Kemarin sahabat lama saya berulang tahun. Kami menghabiskan waktu berdua, ngopi dan bicara banyak hal. Dari A sampai Z, lalu kembali dari A lagi. Begitu seterusnya. Saya sengaja melakukan ini di sela tenggat pekerjaan yang bergunung-gunung karena hanya waktulah yang bisa saya berikan sebagai kado.

es tehDi antara obrolan yang sedikit serius, kami bicara mengenai perspektif dan cara pandang. Perspektif seseorang terhadap sesuatu atau seseorang bisa dilihat dari bagaimana ia bertutur, termasuk pilihan kata yang dipakai.

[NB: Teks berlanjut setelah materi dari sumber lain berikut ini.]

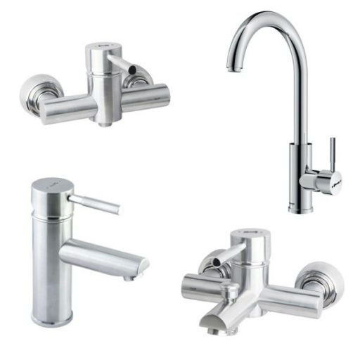 - ست چهارتکه شامل: روشویی پایه کوتاه، شیر توالت، شیر حمام، شیر ظرفشویی

Ini masuk akal karena secara alami manusia menyimpan kosa kata sesuai dengan pengalaman hidupnya masing-masing. Tentang pemerolehan kosa kata ini bisa dibaca dalam The Cornerstone to Early Literacy karya Katherine Luongo-Orlando.

Kekayaan kosa kata ini sangat subyektif. Mereka yang dilahirkan kembar pun belum tentu memiliki kosa kata yang sama karena pengalaman hidup mereka juga belum tentu sama. Jadi, logikanya seseorang yang dalam pikiran dan kesehariannya akrab dengan hal-hal terkait A pasti akan berbeda dari mereka yang lebih akrab dengan hal-hal dalam ranah B.

Misalnya, mereka yang suka kopi tentu paham jenis kopi, cara menyeduh dan bagaimana rasa masing-masing varian itu. Mereka yang suka fotografi pasti tak bisa berhenti jika diminta berbagi soal kamera dan teknik fotografi. Ada yang memandang hidup ini seputar mobil, rumah dan pekerjaan; dan ada yang lebih menitikberatkan pada hal-hal yang bukan materi. Kedua terakhir ini pun pasti berbeda ketika mereka bertutur.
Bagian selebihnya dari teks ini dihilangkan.